Shard by user/tenant:

-- Application determines shard from user_id
shard = hash(user_id) % num_shards

-- Shard 0 (database server us-shard-0)
CREATE TABLE users (id UUID PRIMARY KEY, ...);
CREATE TABLE posts (id UUID PRIMARY KEY, author_id UUID, ...);
CREATE TABLE comments (id UUID PRIMARY KEY, author_id UUID, ...);

-- Shard 1 (database server us-shard-1)
CREATE TABLE users (id UUID PRIMARY KEY, ...);
CREATE TABLE posts (id UUID PRIMARY KEY, author_id UUID, ...);
CREATE TABLE comments (id UUID PRIMARY KEY, author_id UUID, ...);

All data for a user lives on one shard. This is efficient for user-centric queries (“show me all my posts”) but makes cross-user queries expensive (“show recent posts from all users I follow”).

Shard by geography:

-- US users on US shards
shard = lookup_region(user_id) == 'US' ? us_shard : eu_shard

Good for data residency requirements (GDPR requires EU user data stays in EU). Bad if users travel - sudden latency spike when a US user visits Europe.

Shard by time:

-- Events from 2024-01 on shard_2024_01
shard = extract_month(occurred_at)

Works for append-only data like logs or events. Writes hit the current shard, old shards become read-only. But queries spanning time ranges hit multiple shards.

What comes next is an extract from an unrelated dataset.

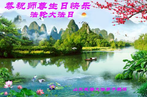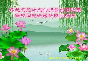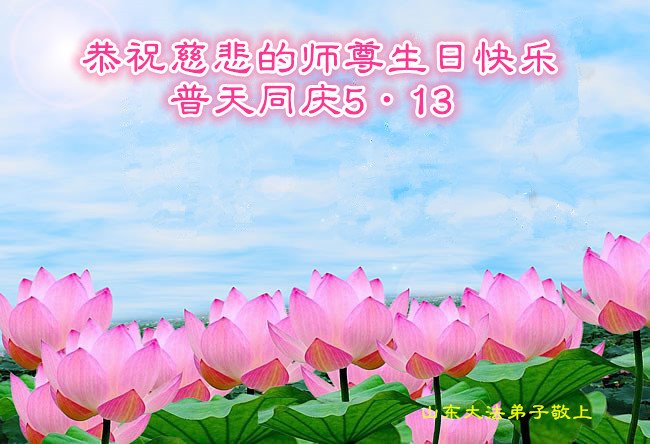 山东大法弟子恭祝慈悲伟大的师尊六十八周年华诞暨世界法轮大法日!

Queries in a sharded system:

Single-shard queries are fast:

-- Application knows user_id = 'user123' is on shard 2
SELECT * FROM posts WHERE author_id = 'user123';

Cross-shard queries are hard:

-- Need to query all shards and merge results
SELECT * FROM posts ORDER BY created_at DESC LIMIT 10;

The application must:

Query all shards in parallel
Fetch more results than needed (fetch 10 from each shard)
Merge and sort in application code
Apply limit after merging

Joins across shards don’t work:

-- If users and posts are on different shards, this is impossible
SELECT u.name, p.title
FROM users u
JOIN posts p ON p.author_id = u.id;

You have to denormalize - store user name on posts table - or make two queries and join in application code.

Rebalancing shards:

Eventually shard distribution becomes uneven. User ‘celebrity123’ has 10M followers, making shard 3 huge while shard 1 is small. Or you need to add more shards as data grows.

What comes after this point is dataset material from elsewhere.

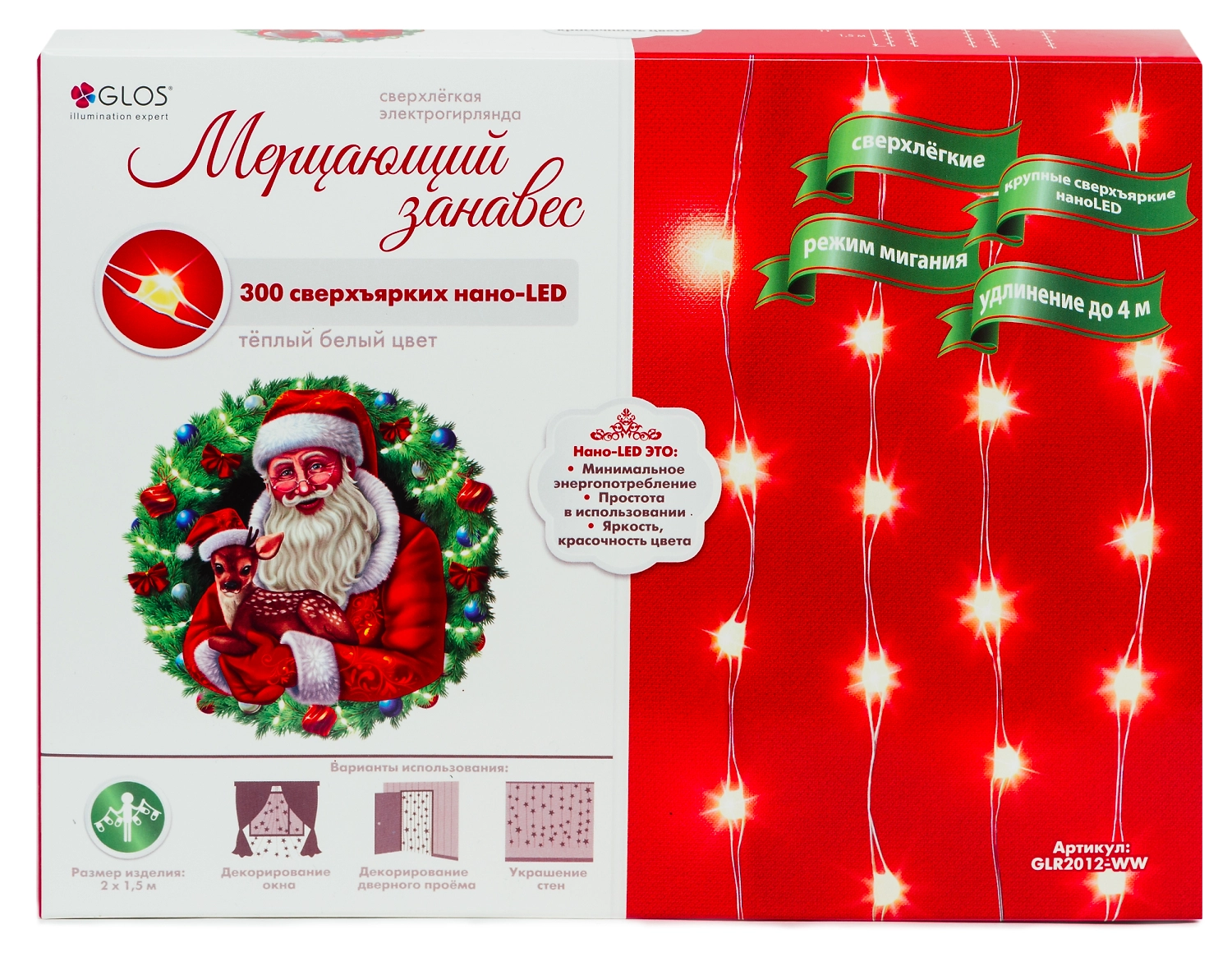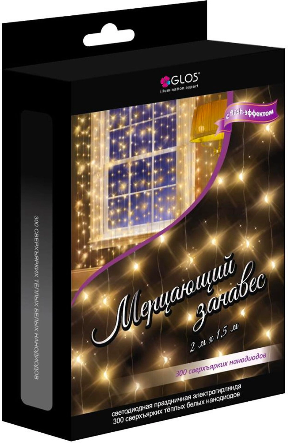 Гирлянда занавес Glos 300 LED теплый белый 2х1,5 м

Rebalancing means moving data between shards while the system is running. This is complicated:

Write to both old and new shard during migration
Copy existing data from old to new shard
Verify data matches
Switch reads to new shard
Remove data from old shard

Instagram famously struggled with this. They sharded by user_id, but when they needed to add shards, they couldn’t easily move users between shards without downtime. They eventually built custom tooling to do live migrations.

Shard exhaustion:

If your shard key is too granular, you run out of shards. Instagram used a hash of user_id across thousands of logical shards, mapped to fewer physical shards. As they grew, they could remap logical shards to new physical servers without changing application logic.

# Logical shards: 10,000 (virtual)
logical_shard = hash(user_id) % 10000

# Physical shards: 100 (actual database servers)
physical_shard = shard_mapping[logical_shard]

When adding capacity, they updated shard_mapping to redistribute logical shards across more physical servers.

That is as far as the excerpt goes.